The name of the city Belgrade translates to "white city". I spent the last week in the city exploring it more with our Remote Year city manager and nailing down Belgrade life like a Serbian native.

The Rooftop Party

Our city manager who is a Belgrade local and also a super nice guy invited a bunch of us Kubs to a rooftop party atop the BIGZ building. The BIGZ building was constructed during the 1930s and 40s as a significant social, cultural, and artistic location. It was formerly home to the Publishing and Graphics Institute of Belgrade. However, by the 1990s, the building was mostly abandoned and left to neglect. In the ensuing years, a number of musicians and artists have made their way back to the building. It now houses small production studios for these folk. The stairways and walls are absolutely covered in graffiti and bohemian works of art.
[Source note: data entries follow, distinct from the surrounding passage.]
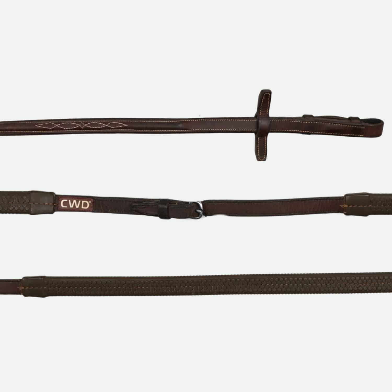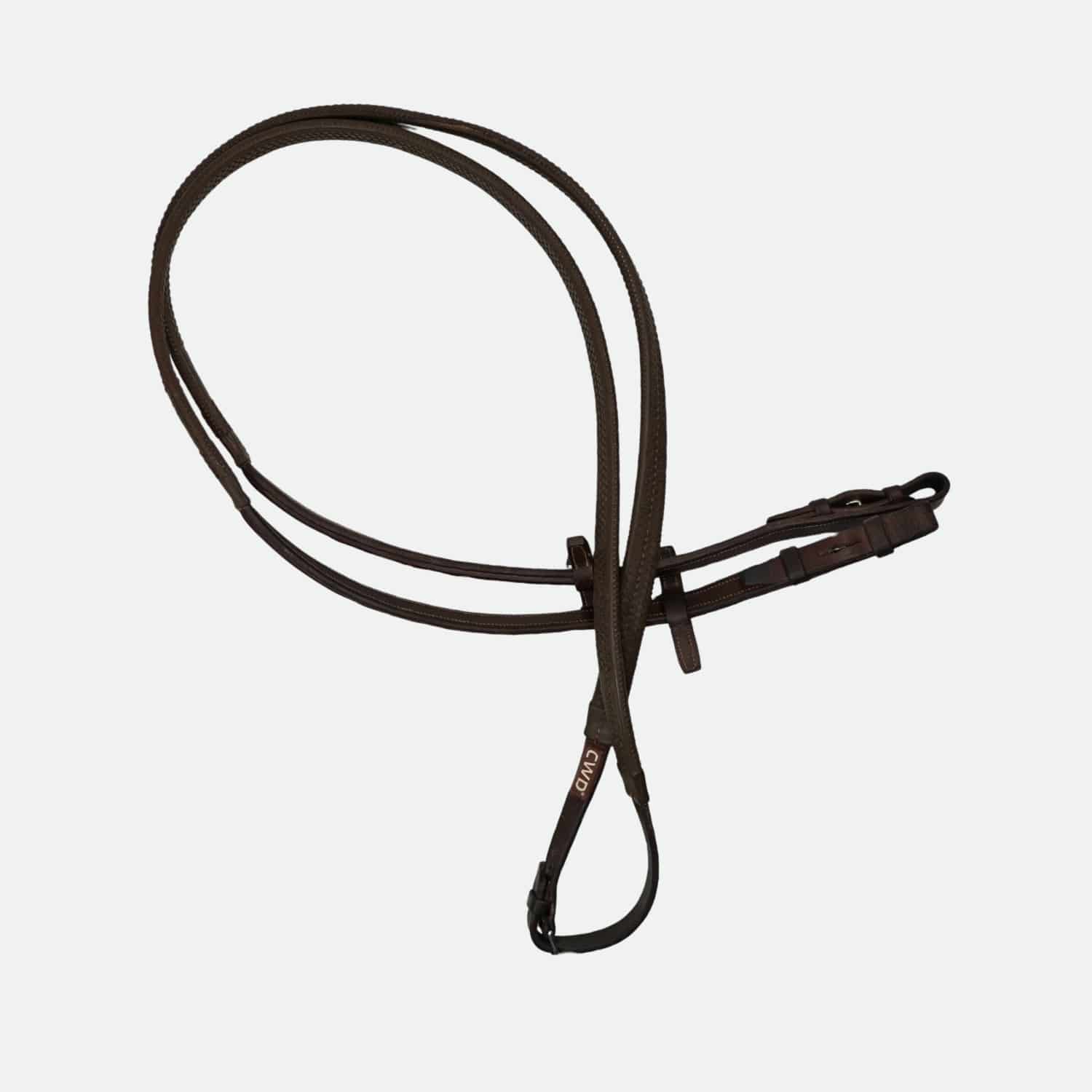 Cwd Sellier – Rênes Caoutchouc 1 / 2 Rondes Surpiquées Large Châtaigne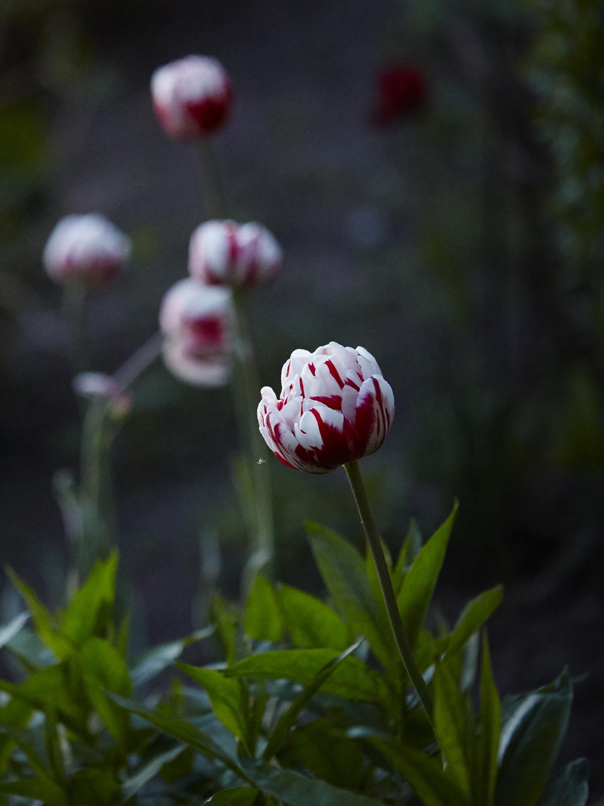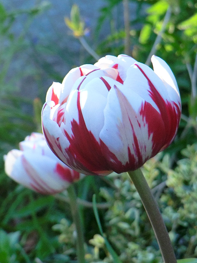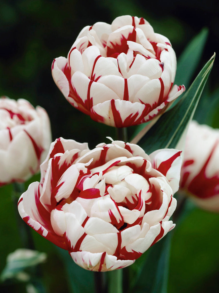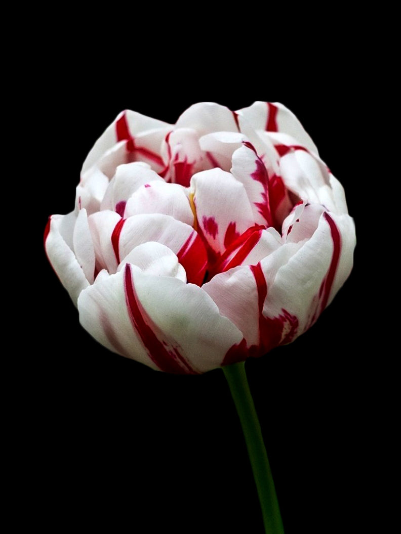 Tulpan ’Carnaval de Nice’. En fylld vit tulpan med färgsprakande röda strimmor och inslag av gula toner. Tillhör den Sena Fylldblommiga Gruppen.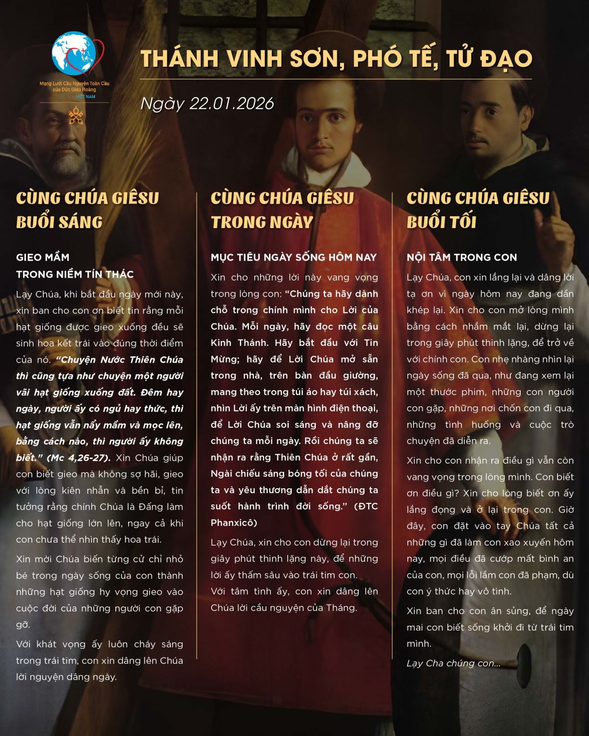 Mục tiêu ngày sống hôm nay Xin cho những lời này vang vọng trong lòng con: “Chúng ta hãy dành chỗ trong chính mình cho Lời của Chúa. Mỗi ngày, hãy đọc một câu Kinh Thánh. Hãy bắt đầu với Tin Mừng; hãy để Lời Chúa mở sẵn trong nhà, trên bàn đầu giường, mang theo trong túi áo hay túi xách, nhìn Lời ấy trên màn hình điện thoại, để Lời Chúa soi sáng và nâng đỡ chúng ta mỗi ngày. Rồi chúng ta sẽ nhận ra rằng Thiên Chúa ở rất gần, Ngài chiếu sáng bóng tối của chúng ta và yêu thương dẫn dắt chúng ta suốt hành trình đời sống.” (ĐTC Phanxicô) Lạy Chúa, xin cho con dừng lại trong giây phút thinh lặng này, để những lời ấy thấm sâu vào trái tim con. Với tâm tình ấy, con xin dâng lên Chúa lời cầu nguyện của Tháng.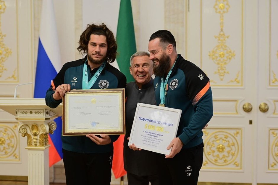 «Уважаемые игроки, тренеры, руководители клуба! Рад приветствовать вас в Казанском Кремле в этот особенный для всех день — сегодня мы чествуем наших чемпионов, регбийный клуб «Стрела-Ак Барс», который завоевал все главные трофеи страны в сезоне 2025 года, — сказал в приветственном слове Рустам Минниханов. — Эти победы стали результатом огромной работы, силы духа и высочайшего мастерства. Решающий матч чемпионата был упорным, зрелищным и захватывающим. Он держал в напряжении до самого финала и принес первый для клуба титул чемпионов страны».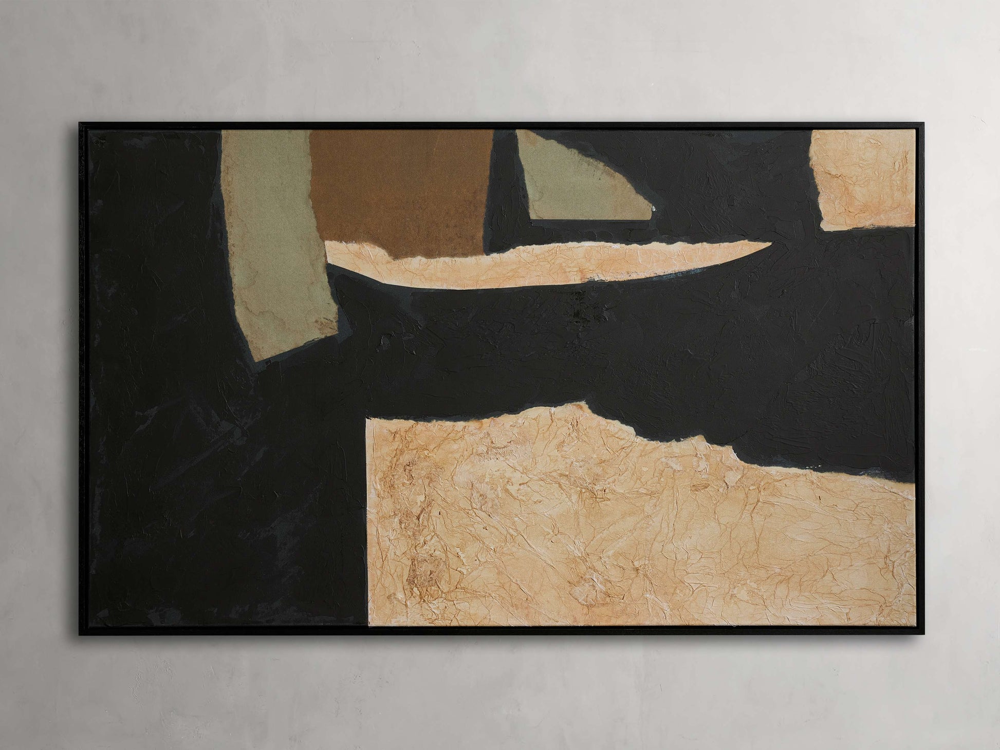 - Features a black wood frame.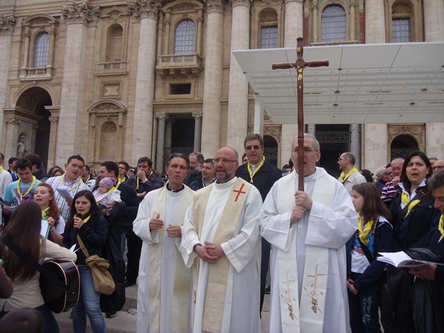 I giovani dando vita ad allegri e colorati cortei, avendo in dosso la bandana gialla ufficiale della giornata, sono giunti in piazza arrivando per singoli gruppi parrocchiali e mentre i primi aspettavano gli altri, l’emozione per l’esperienza e l’incontro che stava per attenderli aumentava di minuto in minuto: «Siamo veramente felici – ha commentato don Domenico Di Pietropaolo, direttore della Pastorale Giovanile diocesana – di vivere questo momento di unità nella fede della nostra diocesi, oltre che di svolta per i nostri giovani». Ma poi, alle ore 18, il momento è arrivato e il portone centrale della Basilica di San Pietro si è spalancato lasciando entrare i 700 giovani pescaresi attraverso un corteo solenne, aperto dalla croce portata dal vicario episcopale per la Pastorale don Giorgio Moriconi e seguito da Don Domenico Di Pietropaolo e don Andrea Di Michele, sulle note dei canti eseguiti dai giovani stessi.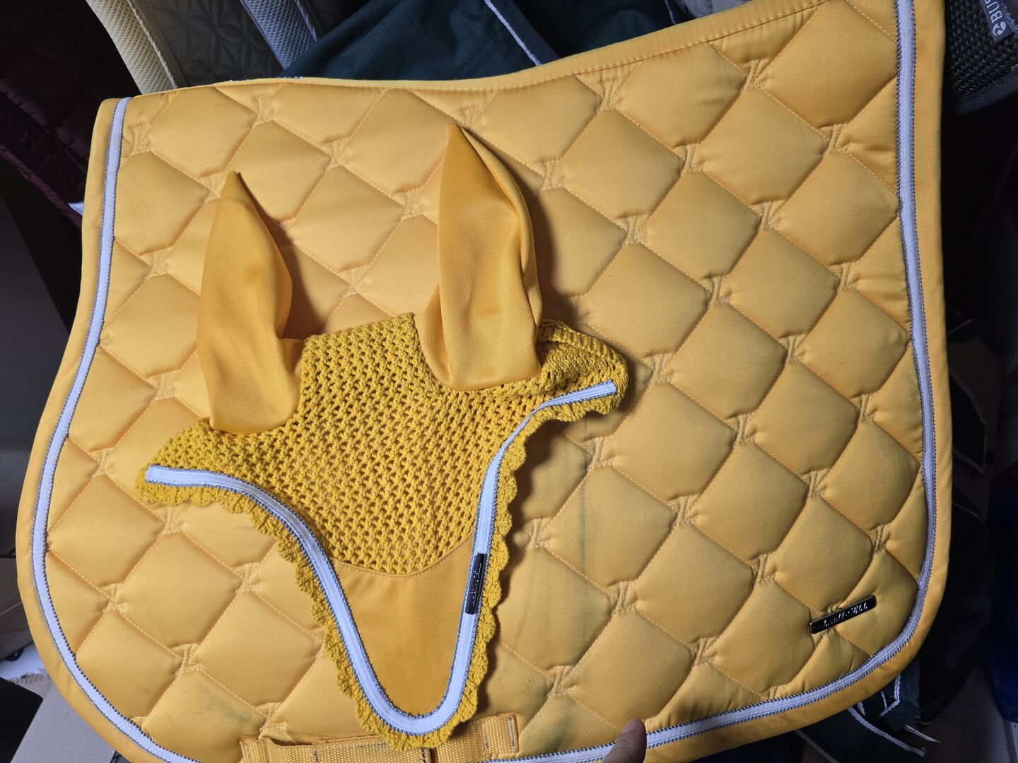 Set Lamicell Yellow Wb Vs fly hood saddle pad - Used 1-2 times Wb Vs/ Jumping yellow shipping possible 6,99€ Paypal possible friends or payment of fees Bank transfer and collection also possible

A popular rooftop party happens annually at the BIGZ. We got lucky enough to have Milan as our city guide and BIGZ party connoisseur to invite us along. We started gathering just before sunset and had a spectacularly magnificent view of the solar disk slowly swimming its way from the sky to and beyond the horizon. The sunsets we've seen here in Belgrade are among the most beautiful I've witnessed, and anyone who knows me even just a little bit knows sunsets are one of my favorite things in the world (thanks grandma Almeda!).

Pretty breathtaking.

I've been to more parties and clubs the last few weeks than I have in the last four years. When you're in Europe, it's a party! This is true even in the more conservative of countries like Serbia. The party was a lot of fun. Kubs danced and drank late into the night. I left the party a bit earlier to make my way home, a pensive 30-minute walk home.

I finally think at this point (June 24) that I fully adjusted and got my head around European life. I spent the next few days pensive and focused on work at the cowering space. Some Kubs made their way to Split, Croatia as well as Budapest, Hungary in this time. I would've liked to have gone to either, but I decided it was in my better interest to stay behind to explore more of this rustic city. With the four month timeframe, I wanted to ease my way into this adventure before going on a bunch of side trips. My plan is to be taking side trips while in Portugal and Prague.

A Carefree Lifestyle

I think one of the main differences between the USA and Europe that I've been able to witness so far is that Europeans are generally less uptight and less tense. Also, there are a lot of cool perks in places like the bar where puppie doggies roam around much to the delight of the guests. The parties run late, even on weeknights like Mondays or Tuesdays. Conversation, music, and merriment can be heard into the late hours here.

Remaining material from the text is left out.